The data>
Start of Block

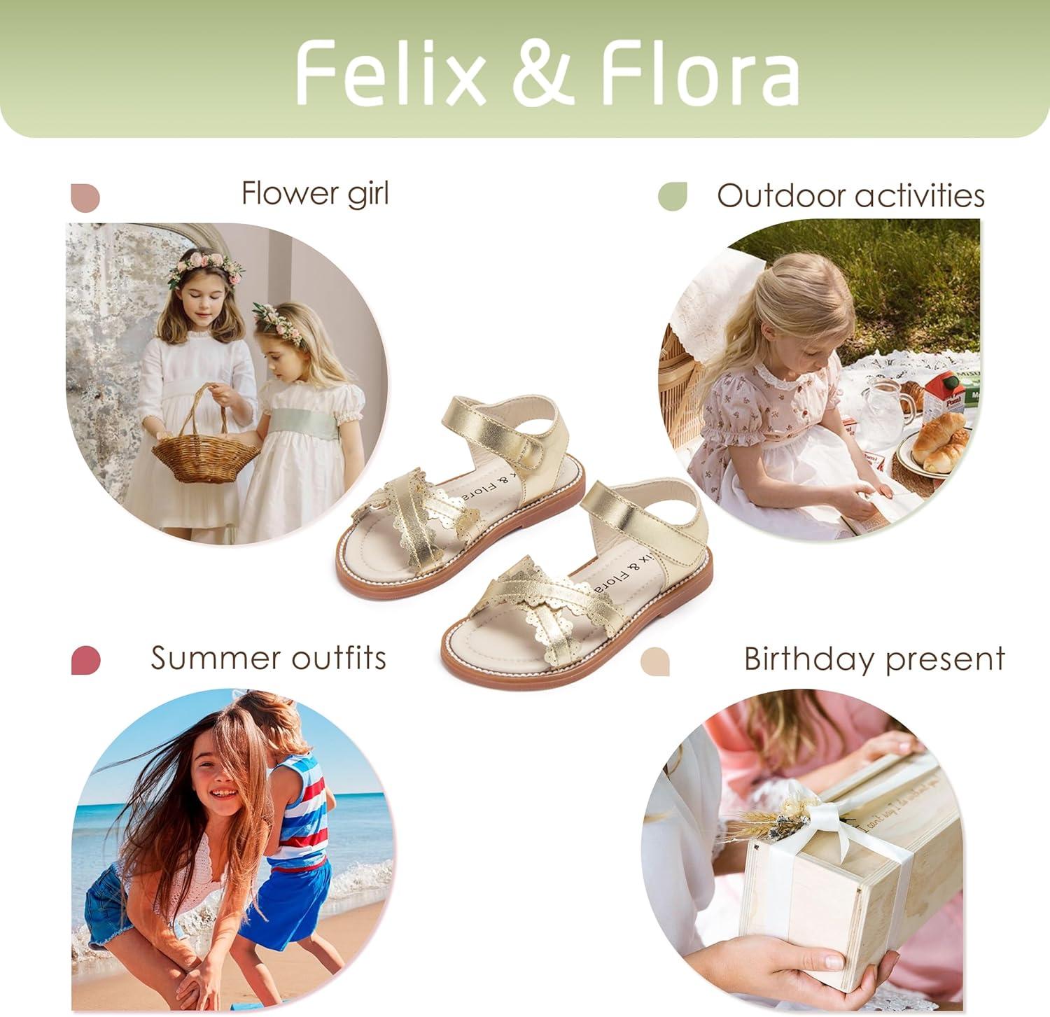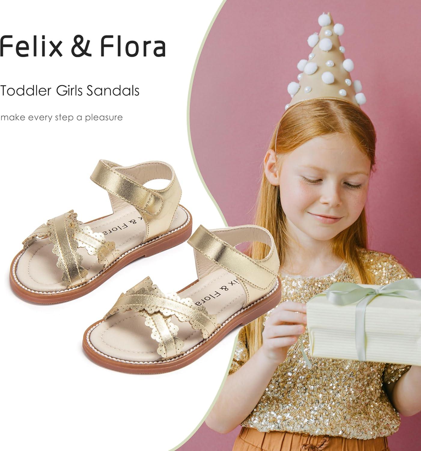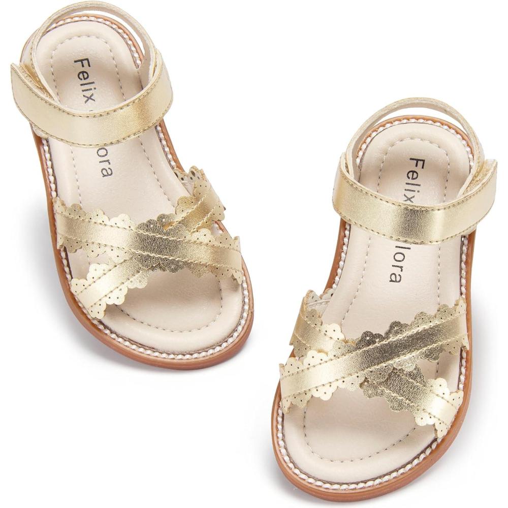 Felix & Flora Toddler Girl Sandals – Little Girl Easter Summer Dress Shoes Lightweight Open Toe Beach Holiday.(Bc286-bright Gold)
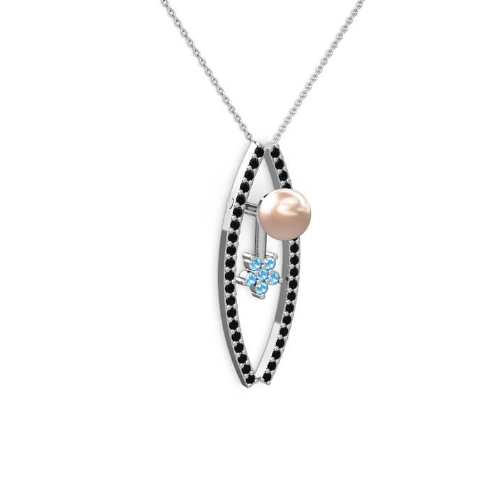 Pembe inci, siyah zirkon ve akuamarin 14 ayar beyaz altın kolye (40 cm beyaz altın rolo zincir)
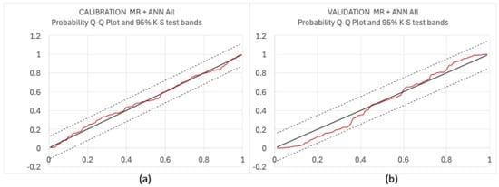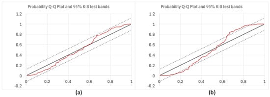 To assess the acceptability of the estimated predictive probability density [,], instead of using the traditional Kolmogorov–Smirnov (K-S) test, a probability plot with a histogram representation of the quantiles is recommended. The probability plot, also known as the Q-Q plot [], compares the cumulative distribution of standardized prediction error values to their empirical cumulative distribution function (Figure 3).
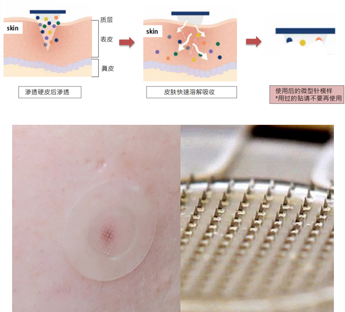 日常生活中经常使用的涂抹型化妆品难以通过皮肤屏障,因此实际上被吸收的成分非常少,对于改善皮肤效果也不明显。而微针型护肤品则可以穿过皮肤的角质层到达皮肤深层,最大限度的改善皮肤状态。
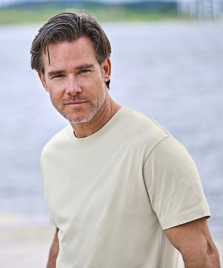 Een iconisch T-shirt van een zwaardere kwaliteit stof, de Sof tee, wordt al bijna 50 jaar geproduceerd. Het is gemaakt van langvezelig, ringgesponnen, gekamd katoen van 185 gsm en heeft een dubbellaagse halsribboord met elastaan. Dit T-shirt is uitstekend geschikt voor zowel bedrukking als borduring.
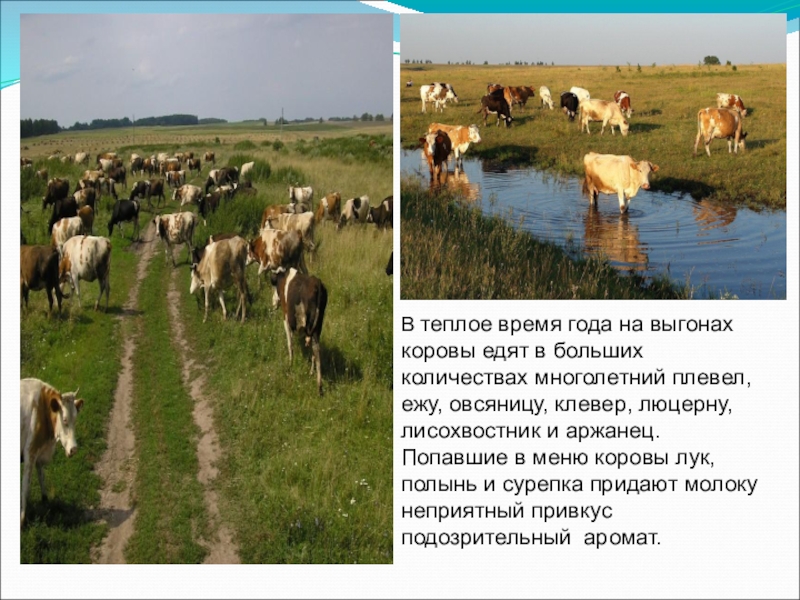 многолетний плевел, ежу, овсяницу, клевер, люцерну, лисохвостник и аржанец. Попавшие в меню коровы лук, полынь и сурепка придают молоку неприятный привкус подозрительный аромат.
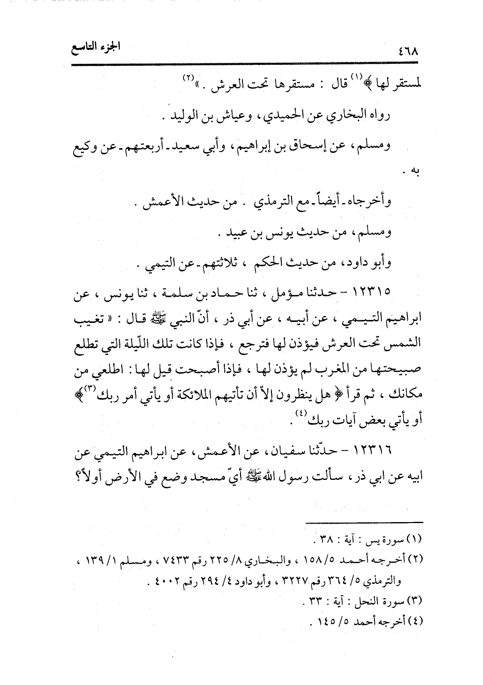 12315 - حدثنا مؤمل، ثنا حماد بن سلمة، ثنا يونس، عن إبراهيم التيمى، عن أبيه، عن أبى ذر، أن النبى - صلى الله عليه وسلم - قال: «تغيب الشمس تحت العرش فيؤذن لها فترجع، فإذا كانت تلك الليلة التى تطلع صبيحتها من المغرب لم يؤذن لها، فإذا أصبحت قيل لها: اطلعى من مكانك، ثم قرأ {هَلْ يَنْظُرُونَ إِلَّا أَنْ تَأْتِيَهُمُ الْمَلائِكَةُ أَوْ يَأْتِيَ أَمْرُ رَبِّك} (¬1) أو يأتى بعض آيات ربك (¬2) .
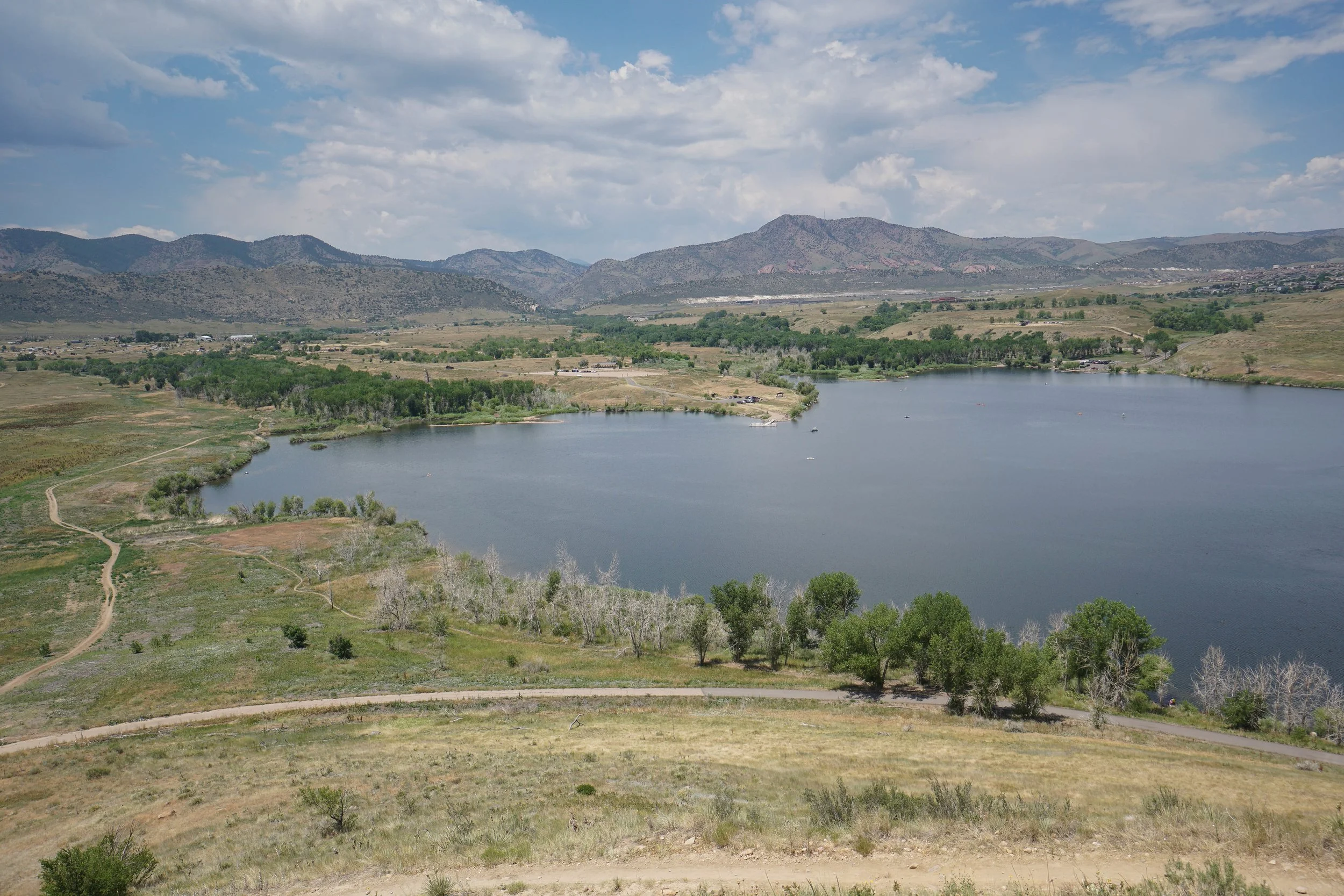 At the top, you'll find the Homestead Golf Course, bathrooms, and usually, a water cooler.  Continue past the golf course and descend a little to a wonderful viewpoint with a bench, picnic tables, and terrific views of the Front Range foothills.  The views of Mt. Morrison and Red Rocks Park behind the lake and Green Mountain to the north are brilliant.  Follow the same route back to the trailhead.
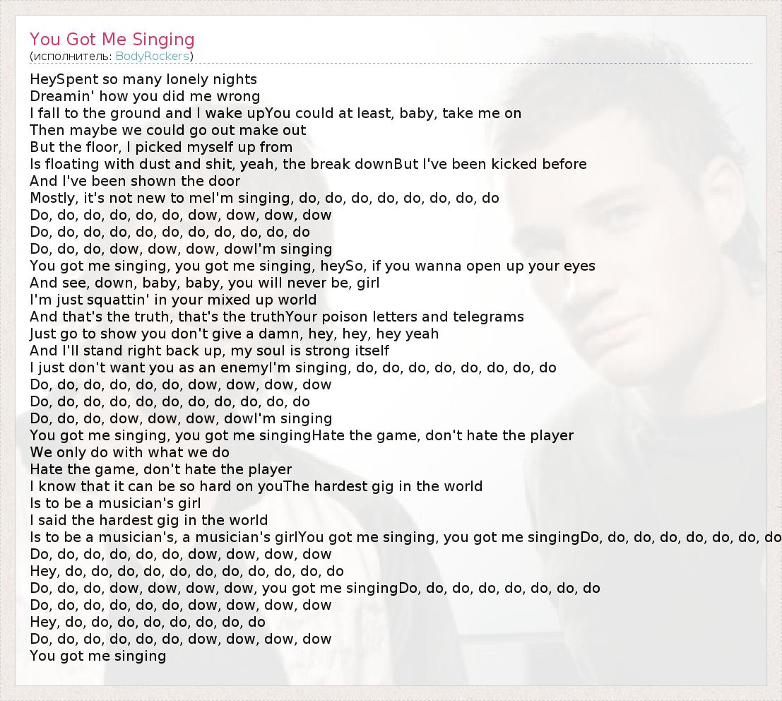 HeySpent so many lonely nights Dreamin' how you did me wrong I fall to the ground and I wake upYou could at least, baby, take me on Then maybe we could go out make out But the floor, I picked myself up from Is floating with dust and shit, yeah, the break downBut I've been kicked before And I've been shown the door Mostly, it's not new to meI'm singing, do, do, do, do, do, do, do, do Do, do, do, do, do, do, dow, dow, dow, dow Do, do, do, do, do, do, do, do, do, do, do Do, do, do, dow, dow, dow, dowI'm singing You got me singing, you got me singing, heySo, if you wanna open up your eyes And see, down, baby, baby, you will never be, girl I'm just squattin' in your mixed up world And that's the truth, that's the truthYour poison letters and telegrams Just go to show you don't give a damn, hey, hey, hey yeah And I'll stand right back up, my soul is strong itself I just don't want you as an enemyI'm singing, do, do, do, do, do, do, do, do Do, do, do, do, do, do, dow, dow, dow, dow Do, do, do, do, do, do, do, do, do, do, do Do, do, do, dow, dow, dow, dowI'm singing You got me singing, you got me singingHate the game, don't hate the player We only do with what we do Hate the game, don't hate the player I know that it can be so hard on youThe hardest gig in the world Is to be a musician's girl I said the hardest gig in the world Is to be a musician's, a musician's girlYou got me singing, you got me singingDo, do, do, do, do, do, do, do Do, do, do, do, do, do, dow, dow, dow, dow Hey, do, do, do, do, do, do, do, do, do, do, do Do, do, do, dow, dow, dow, dow, you got me singingDo, do, do, do, do, do, do, do Do, do, do, do, do, do, dow, dow, dow, dow Hey, do, do, do, do, do, do, do, do Do, do, do, do, do, do, dow, dow, dow, dow You got me singing
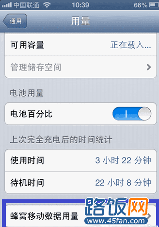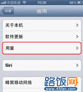 四、在“用量”列表中用手指向上滑动,找到“蜂窝移动数据用量”选项,点击打开,如下图所示:
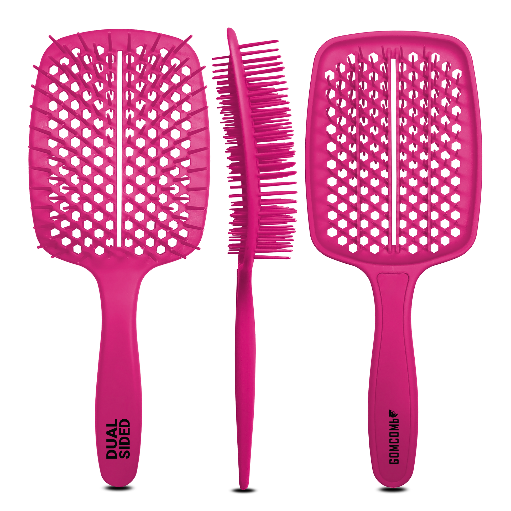 The HAIR BRUSH - GBB001PK - GOMCOMb DUAL SIDED BRUSH - PINK - 6 PACK is the ideal brush for snag-free detangling hair. Ideal for all types of hair.
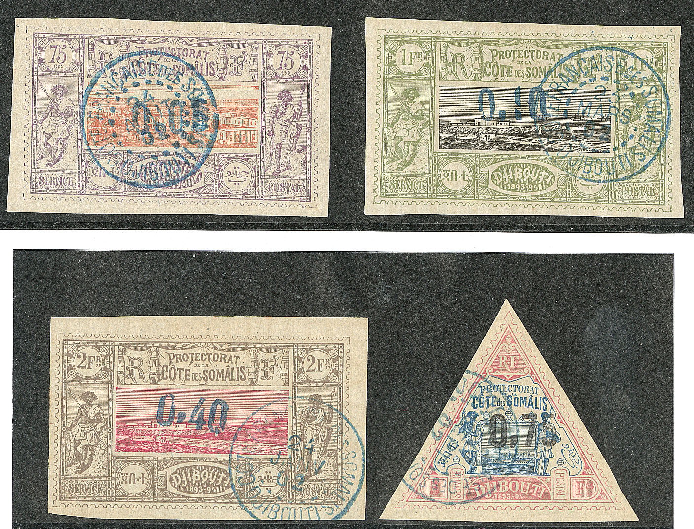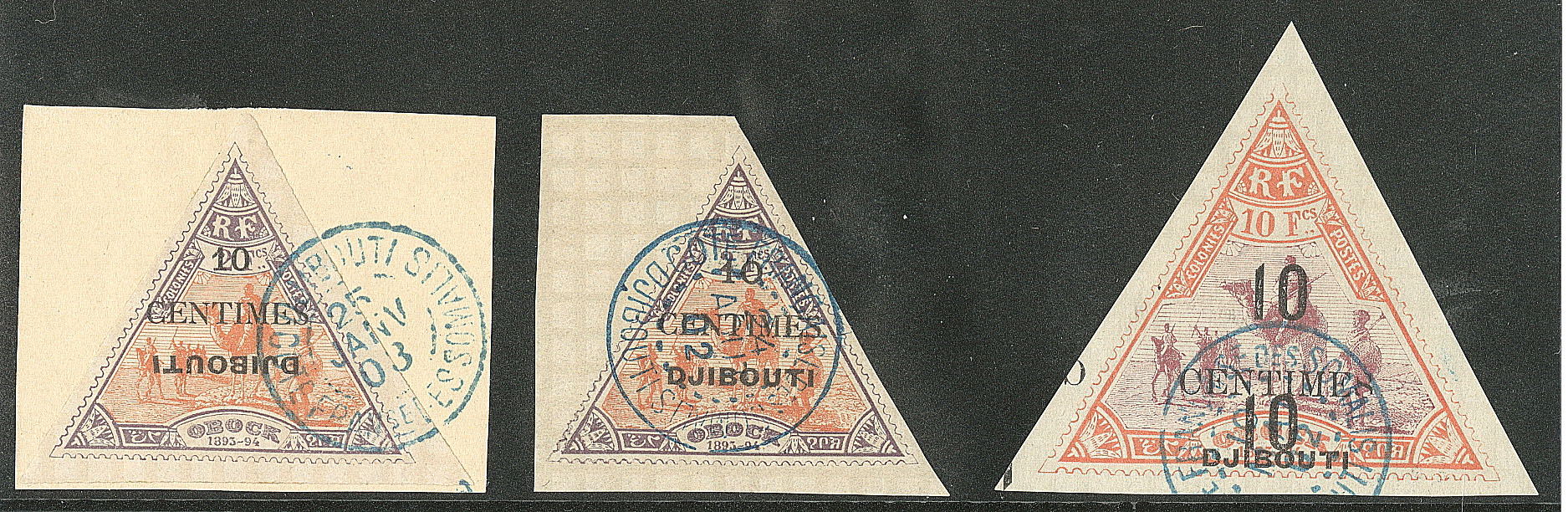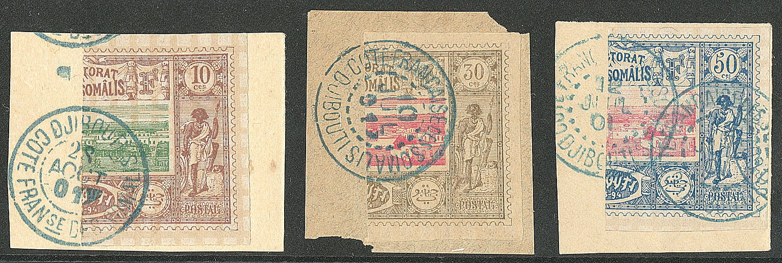 COTE FRANÇAISE DES SOMALIS. Coupés. Nos 10C, 13C, 15C, sur 3 petits fragments. - TB (cote Yvert : 535€) (Image)
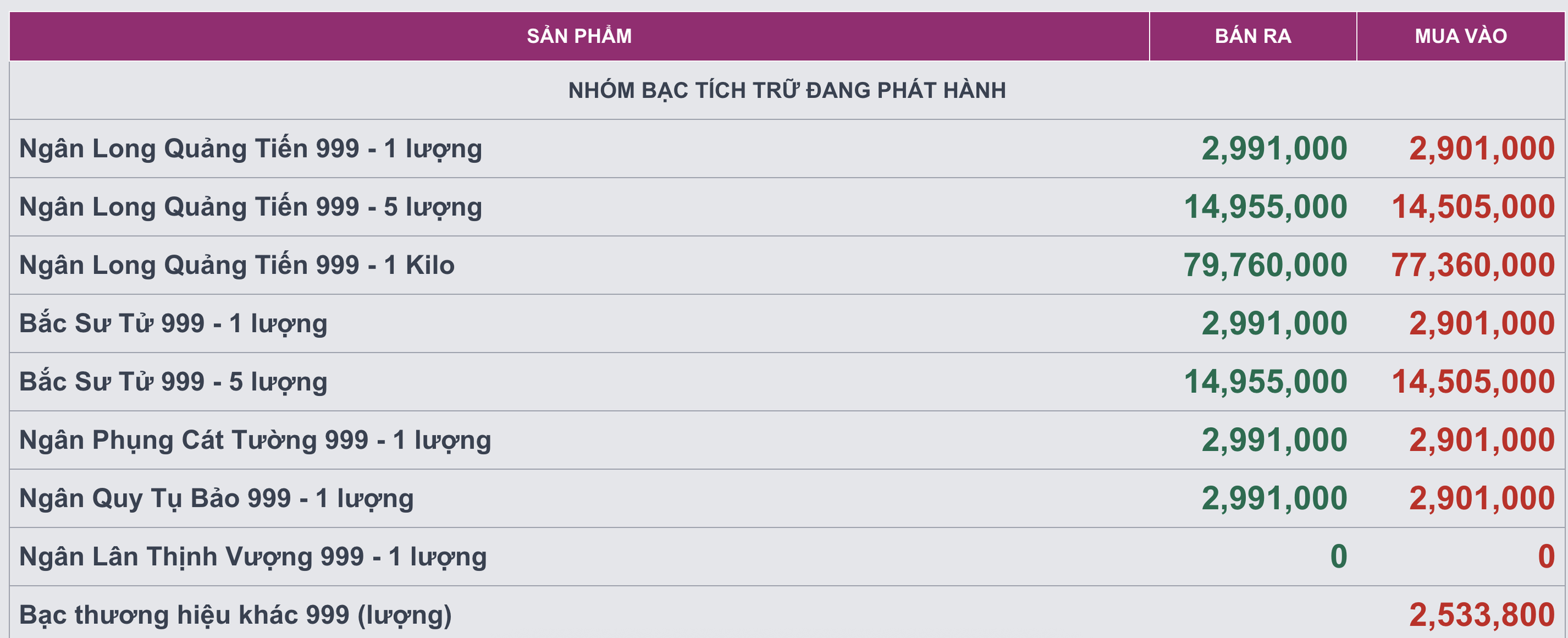 Cùng xu hướng, Sacombank-SBJ niêm yết giá bạc Kim Phúc Lộc ở mức 80,4 triệu đồng/kg, tương đương 3,015 triệu đồng/lượng.
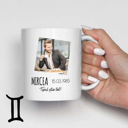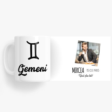 Cană zodiac personalizată cu poză și text - Gemeni

End of Block

Task brief> Transcribe every line of the data exactly. No pictures go in the copy.

Task response>
 Felix & Flora Toddler Girl Sandals – Little Girl Easter Summer Dress Shoes Lightweight Open Toe Beach Holiday.(Bc286-bright Gold)
 Pembe inci, siyah zirkon ve akuamarin 14 ayar beyaz altın kolye (40 cm beyaz altın rolo zincir)
 To assess the acceptability of the estimated predictive probability density [,], instead of using the traditional Kolmogorov–Smirnov (K-S) test, a probability plot with a histogram representation of the quantiles is recommended. The probability plot, also known as the Q-Q plot [], compares the cumulative distribution of standardized prediction error values to their empirical cumulative distribution function (Figure 3).
 日常生活中经常使用的涂抹型化妆品难以通过皮肤屏障,因此实际上被吸收的成分非常少,对于改善皮肤效果也不明显。而微针型护肤品则可以穿过皮肤的角质层到达皮肤深层,最大限度的改善皮肤状态。
 Een iconisch T-shirt van een zwaardere kwaliteit stof, de Sof tee, wordt al bijna 50 jaar geproduceerd. Het is gemaakt van langvezelig, ringgesponnen, gekamd katoen van 185 gsm en heeft een dubbellaagse halsribboord met elastaan. Dit T-shirt is uitstekend geschikt voor zowel bedrukking als borduring.
 многолетний плевел, ежу, овсяницу, клевер, люцерну, лисохвостник и аржанец. Попавшие в меню коровы лук, полынь и сурепка придают молоку неприятный привкус подозрительный аромат.
 12315 - حدثنا مؤمل، ثنا حماد بن سلمة، ثنا يونس، عن إبراهيم التيمى، عن أبيه، عن أبى ذر، أن النبى - صلى الله عليه وسلم - قال: «تغيب الشمس تحت العرش فيؤذن لها فترجع، فإذا كانت تلك الليلة التى تطلع صبيحتها من المغرب لم يؤذن لها، فإذا أصبحت قيل لها: اطلعى من مكانك، ثم قرأ {هَلْ يَنْظُرُونَ إِلَّا أَنْ تَأْتِيَهُمُ الْمَلائِكَةُ أَوْ يَأْتِيَ أَمْرُ رَبِّك} (¬1) أو يأتى بعض آيات ربك (¬2) .
 At the top, you'll find the Homestead Golf Course, bathrooms, and usually, a water cooler.  Continue past the golf course and descend a little to a wonderful viewpoint with a bench, picnic tables, and terrific views of the Front Range foothills.  The views of Mt. Morrison and Red Rocks Park behind the lake and Green Mountain to the north are brilliant.  Follow the same route back to the trailhead.
 HeySpent so many lonely nights Dreamin' how you did me wrong I fall to the ground and I wake upYou could at least, baby, take me on Then maybe we could go out make out But the floor, I picked myself up from Is floating with dust and shit, yeah, the break downBut I've been kicked before And I've been shown the door Mostly, it's not new to meI'm singing, do, do, do, do, do, do, do, do Do, do, do, do, do, do, dow, dow, dow, dow Do, do, do, do, do, do, do, do, do, do, do Do, do, do, dow, dow, dow, dowI'm singing You got me singing, you got me singing, heySo, if you wanna open up your eyes And see, down, baby, baby, you will never be, girl I'm just squattin' in your mixed up world And that's the truth, that's the truthYour poison letters and telegrams Just go to show you don't give a damn, hey, hey, hey yeah And I'll stand right back up, my soul is strong itself I just don't want you as an enemyI'm singing, do, do, do, do, do, do, do, do Do, do, do, do, do, do, dow, dow, dow, dow Do, do, do, do, do, do, do, do, do, do, do Do, do, do, dow, dow, dow, dowI'm singing You got me singing, you got me singingHate the game, don't hate the player We only do with what we do Hate the game, don't hate the player I know that it can be so hard on youThe hardest gig in the world Is to be a musician's girl I said the hardest gig in the world Is to be a musician's, a musician's girlYou got me singing, you got me singingDo, do, do, do, do, do, do, do Do, do, do, do, do, do, dow, dow, dow, dow Hey, do, do, do, do, do, do, do, do, do, do, do Do, do, do, dow, dow, dow, dow, you got me singingDo, do, do, do, do, do, do, do Do, do, do, do, do, do, dow, dow, dow, dow Hey, do, do, do, do, do, do, do, do Do, do, do, do, do, do, dow, dow, dow, dow You got me singing
 四、在“用量”列表中用手指向上滑动,找到“蜂窝移动数据用量”选项,点击打开,如下图所示:
 The HAIR BRUSH - GBB001PK - GOMCOMb DUAL SIDED BRUSH - PINK - 6 PACK is the ideal brush for snag-free detangling hair. Ideal for all types of hair.
 COTE FRANÇAISE DES SOMALIS. Coupés. Nos 10C, 13C, 15C, sur 3 petits fragments. - TB (cote Yvert : 535€) (Image)
 Cùng xu hướng, Sacombank-SBJ niêm yết giá bạc Kim Phúc Lộc ở mức 80,4 triệu đồng/kg, tương đương 3,015 triệu đồng/lượng.
 Cană zodiac personalizată cu poză și text - Gemeni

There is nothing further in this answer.